Four pieces matter.
Reading the source is the documentation. Here are the four files that carry the pattern end-to-end.
Your MDX, with chunk markers.
Every section becomes a chunk. The <Chunk id> is the rowid in the index; the heading and body become the embedded text.
--- title: "Authentication" category: "core-concepts" tags: ["auth", "api-keys"] vector_metadata: importance: 0.8 --- <Chunk id="auth-api-keys"> ## API keys Issue a key from the dashboard and pass it as `Authorization: Bearer <key>` on every request. </Chunk>
One script, run at build time.
Walks content/docs/, extracts chunks, embeds them with Voyage AI (or a deterministic hash fallback for offline runs), and writes them to data/docs.db.
const chunks = extractAllChunks(); const db = getDb(); resetTables(db); for (let i = 0; i < chunks.length; i += BATCH_SIZE) { const batch = chunks.slice(i, i + BATCH_SIZE); const texts = batch.map(chunkText); const embeddings = await embed(texts, 'document'); insertChunkBatch(db, batch, embeddings); }
One route handler.
Embeds the query, runs vec0 ANN against chunks_vec, joins back to chunk metadata, ranks, returns. Used by both Spotlight (⌘K) and the chat panel.
export async function POST(req: Request) { const { q, topK = 5 } = await req.json(); const queryVec = await embedOne(q, 'query'); const hits = searchSimilar(queryVec, topK); return Response.json({ hits }); }
Multi-turn. One streamed call.
Retrieved chunks become context. History is appended for follow-up turns. The model streams the answer; the panel renders tokens as they arrive.
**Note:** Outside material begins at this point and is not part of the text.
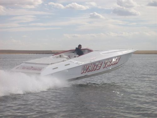 1997 fountain lightning 35 foot *FAST!* Whipple charged, intercooled, fuel injected, bored 30 over 502s fresh off break in oil. Very turnkey motors with rev limits at 5200 RPM. New bravo one drives with big shaft. Two sets of 4 blade props. Drives have 13 inch standoff boxes with latham external steering and silent choice pipes. Interior has hydraulic bolster seats, a new $8000 stereo with 3 new deep cell batteries, 1 year old upholstery, race bimini top and aluminum race windshield.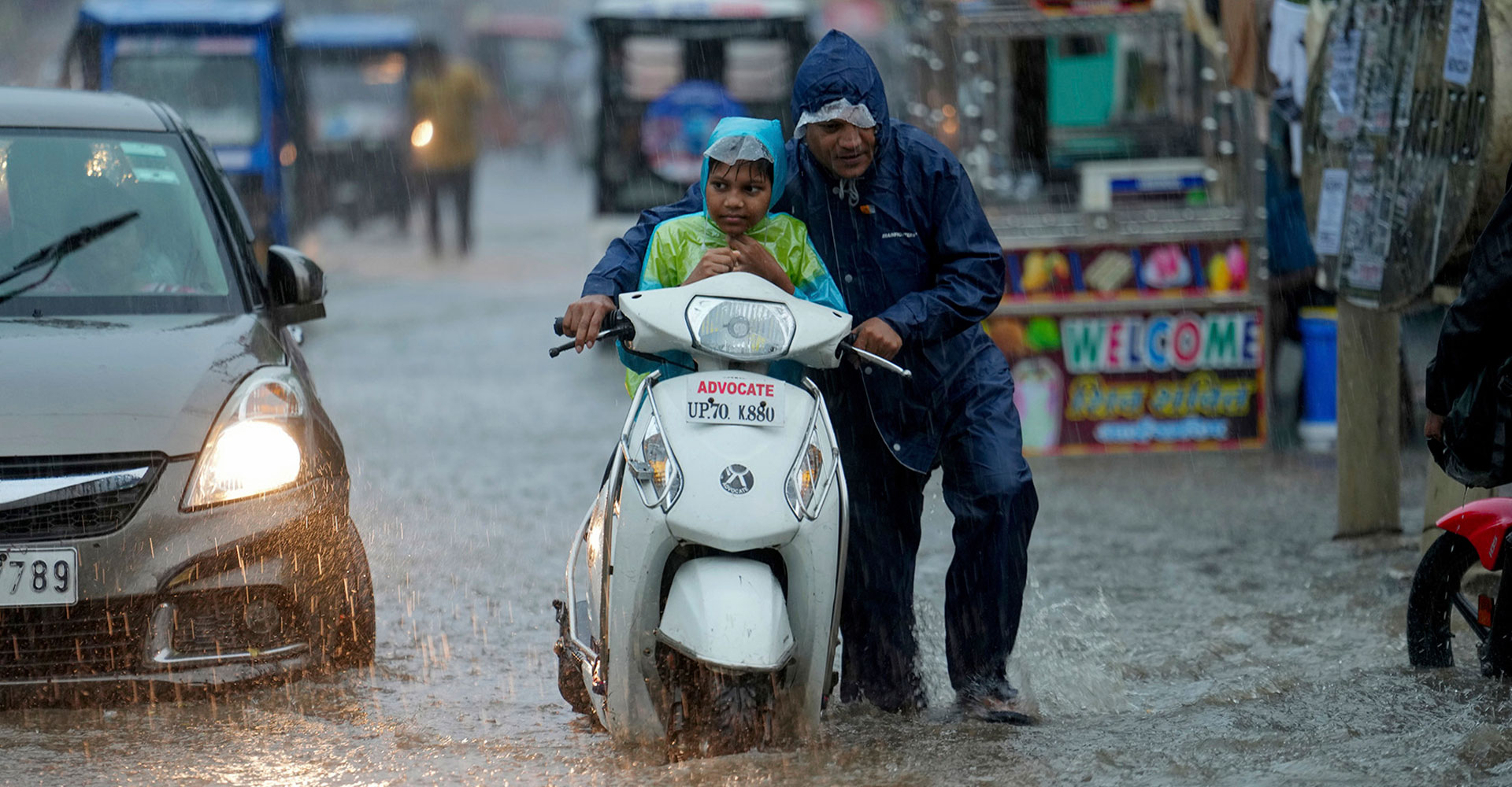 An Indian father takes his child back from school while dragging his scooter amidst heavy rain, in Prayagraj, India

The only network round-trip is the model call.
async function send(question: string) { const { hits } = await fetch('/api/docs/search', { method: 'POST', body: JSON.stringify({ q: question, topK: 4 }), }).then((r) => r.json()); const system = buildPrompt(hits); const stream = await callModel({ system, question, hist }); for await (const tok of stream) render(tok); }